I was disappointed we didn’t find the remains of a dugout near the confluence of Crooked Creek and the Nowood River.

Entering from the lower right, Crooked Creek is tiny, about as wide as Indy is long, but many parts of it are a good three feet down from the top of the bank. Vernon had an idea of where to look for the Lord’s house but we had to take a big detour around Crooked Creek to get there in the side by side.

Only 20 yards from the creek, almost completely surrounded by the old cuts of old sloughs, was the scattered stones of the Lord’s cabin’s foundation.

The round depression may have been a dugout cellar for storage.
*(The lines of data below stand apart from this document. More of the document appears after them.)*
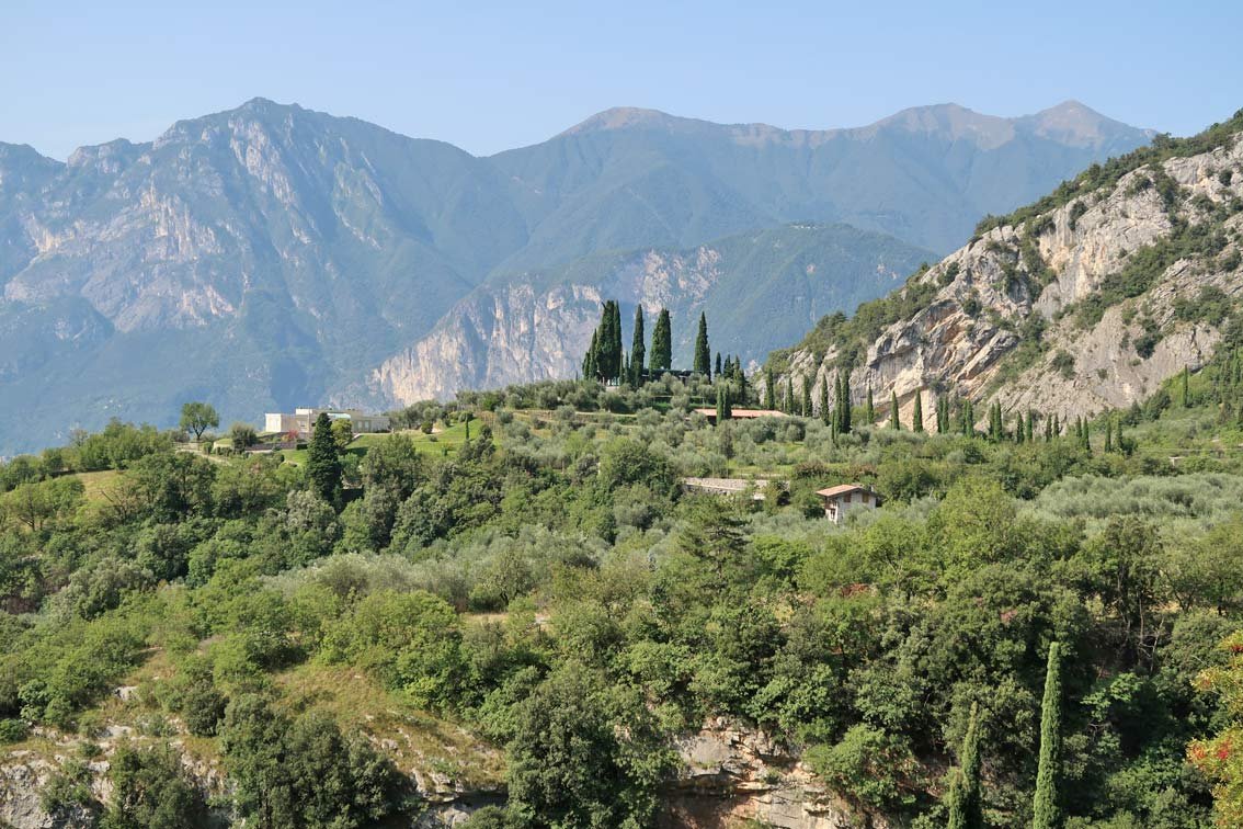 Vom Ausstieg zuerst über die Karstfläche der Markierung folgen und rechts zum Gipfelkreuz aufsteigen (nicht nach links oder gerade). Vom Kreuz über den markierten Weg hinunter nach S. Maria di Laghel und zurück nach Arco. In Arco durch die Fußgängerzone - vorbei an den Eisgeschäften und dem Cafe am Hauptplatz - zum Parkplatz bei der Brücke bzw. dort weiter auf der Straße zum Freibad.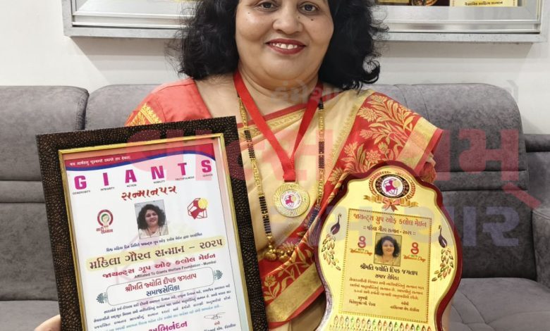રાજપીપલાના મહિલા અગ્રણી જ્યોતિ જગતાપને “મહિલા ગૌરવ સન્માન-2025 “એવોર્ડથી સન્માનિત કરાયા તેમની સામાજિક તથા અન્ય વિશિષ્ટ કામગીરીને બિરદાવી સન્માનપત્ર,…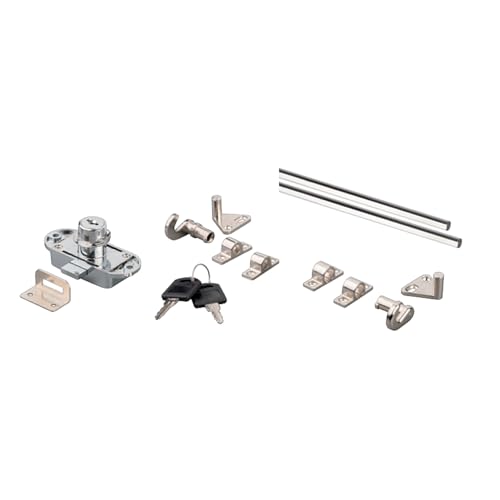 cyclingcolors 1x Serrure trois points espagnolette tiges 1000 + 1200 mm avec rosace fixations contrepièces meuble bureau armoire, chrome

A rectangular foundation can barely be seen, but if we are right, this is the place. We looked around and wondered, why?
Why so close to the creek with four little kids? Even if the creek has moved, it still would have been pretty close! We’ve seen the Nowood flood many times… and you’re too (IMO) close even with the elevation protecting you a bit. Also all those sloughs would be filled with water, leaving you living in a nest of mosquito pools. You could irrigate a garden, but we couldn’t quite make out where you could put one close to the house. Hauling rocks for the foundation, driving a team and wagon up into the mountains to cut and haul logs for a cabin… so much work!
I’m going to check a book at the library to see if I can find any more details about the Lord family. If I can’t find anything about them and I have no luck finding issues of the Wyoming magazine, I guess we will have to leave this story alone. It will become another quiet chapter in the book of homesteading in Wyoming.